Is CML really that relevant?

I am not an expert on concurrent languages, but is Concurrent ML really such a noteworthy language in this area that is deserves mention in their bibliography?
On the CML web page http://cml.cs.uchicago.edu/doc.html I find no academic publications.

CML publications

There are actually quite a few publications about Concurrent ML. I don't know why they're not listed on the CML page.

I believe CML was the first

I believe CML was the first concurrent functional language. Perhaps even the first "production language" period to embed concurrency constructs. I'd definitely say its noteworthy.

Realy?

Is CML going from 1986-88 as Erlang is? But don't wory, Erlang is not mentioned in this article too ;-) They reinvent wheel and worse they looks like Sumerian don't exists.
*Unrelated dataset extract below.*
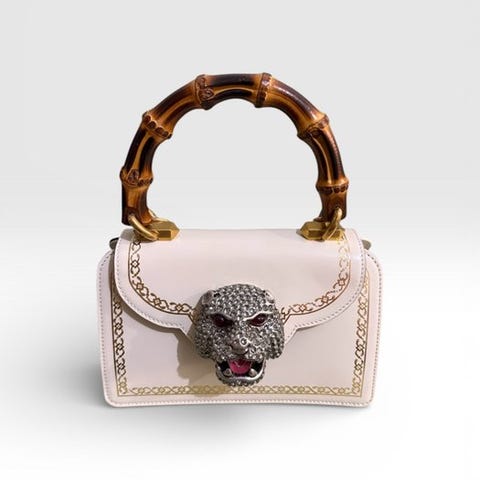 Gucci Bamboo-model i blått hamret skinn med avtagbar stropp, også den i blått skinn, med mulighet for å bæres for hånd via sitt bambus-håndtak.

"Production language" with embedded concurrency constructs

Several "production languages" with embedded (message-passing) concurrency constructs predate CML by a number of years. The ones that immediately leap to mind are:

  • Erlang (initial experiments in 1987, production use in 1988)
  • occam (initial release in 1983)
  • Ada (international standard in 1983)
That's not to say that CML isn't noteworthy. John Reppy did some fantastic work on it, and the language has certainly been influential. But its noteworthiness is not tied to being the first "production language" to include concurrency constructs.

I probably should have been

I probably should have been more precise in my wording. CML was the first statically typed language to include flexible concurrency constructs that I'm aware of. Neither Erlang nor Occam are statically typed, though they provide flexible concurrency. Ada is statically typed, but it's rendezvous model has long been considered too limited.

occam's type system

I'm fairly sure that occam has been statically typed since at least version 2 (released in 1986), in addition to statically checking various "parallel usage rules" on channels and variables. Occam 1 may well have been statically typed as well, although the only types it supported were machine words and arrays.
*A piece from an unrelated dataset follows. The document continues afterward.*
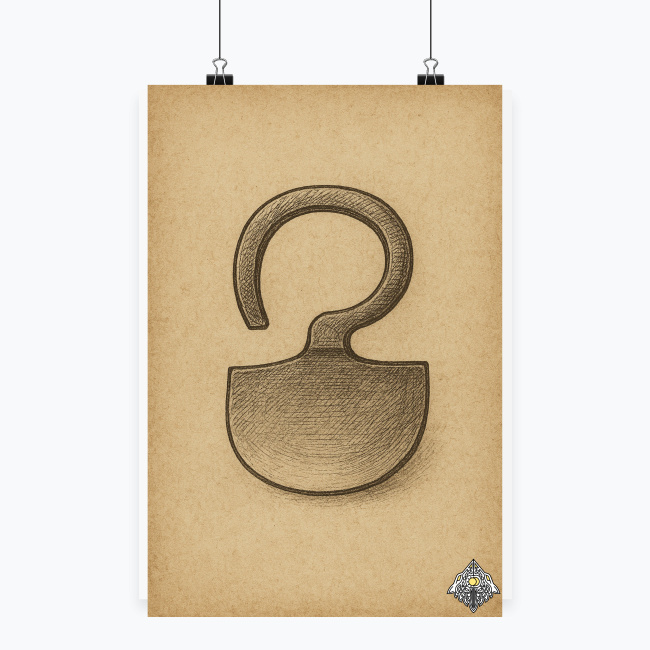 Plakat przedstawia ręcznie szkicowany nóż kabłączkowy o nietypotym kształcie – narzędzie o charakterystycznym, zamkniętym uchwycie i krótkim, zakrzywionym ostrzu. Styl ilustracji nawiązuje do dawnych rycin technicznych i rzemieślniczych szkiców z epoki przedprzemysłowej – jakby pochodził z notatnika snycerza, garbarza lub kowala. Na tle postarzanego papieru w odcieniach sepii widnieje wyraźna linia tuszu, z delikatnym cieniowaniem…

[Edit: Just to be clear, I think that there's no doubt that CML provides some substantially more powerful abstractions than occam. On the other hand, I think occam was, in its day, probably much more widely used in industry than CML.]
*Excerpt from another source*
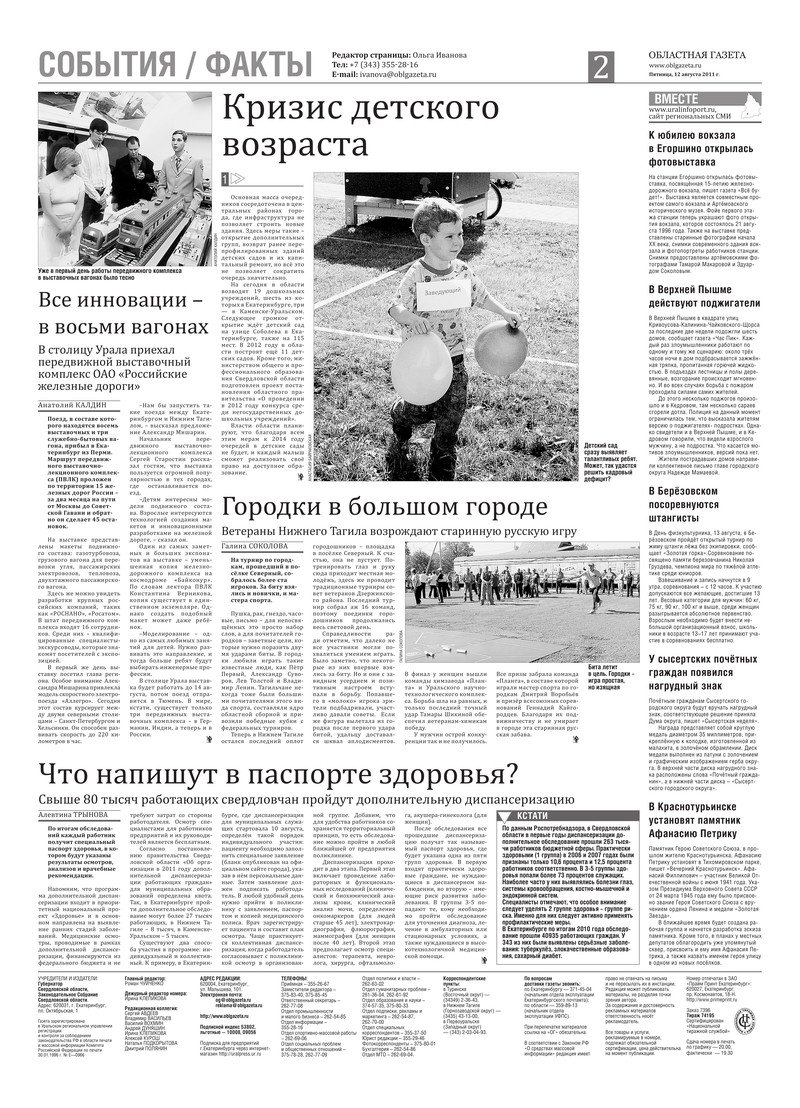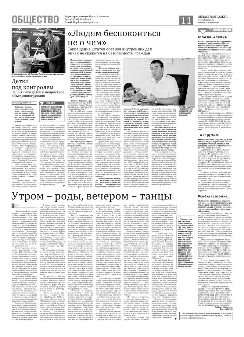 «Областная газета» № 290–291 (5843–5844) от 12 августа 2011 года

Hmm, for some reason I was

Hmm, for some reason I was under the impression that Occam was dynamically typed. I stand corrected!

A common mistake

No worries. It seems to be a common mistake. I'm not sure why. If anything, occam was the antithesis of "dynamic" - it didn't even support dynamically-sized arrays (let alone dynamic process networks) until Fred Barnes and Peter Welch added them to occam-pi. Classical occam was used a lot in the embedded domain, and static allocation was considered a good thing from the perspective of predictability.

CML

I have a great deal of respect for John Reppy's work, which I first encountered in his 1988 paper on synchronous operations as first-class values. I used to include a lecture or two on this paper when teaching ML. Re-reading this paper, I realize that CML choose and Erasmus select are very similar. However, other languages (CSP, occam, Joyce, Ada, ...) have used similar constructs.

Threads in CML are first-class continuations; Erasmus threads are not.

Joyce

I have been looking for Joyce implementation, (As described in "A Programming Language for Distributed Systems"). Any idea where I can find it? (Or who might be working with it now.)

Any information at all would be appreciated.

Re: Joyce

author apparently passed away [LtU].

a message from the author mentioning occam and joyce.

a related language of his, super pascal, is apparently still available.

but i didn't stumble across joyce itself.

thanks,


 author apparently passed away [LtU].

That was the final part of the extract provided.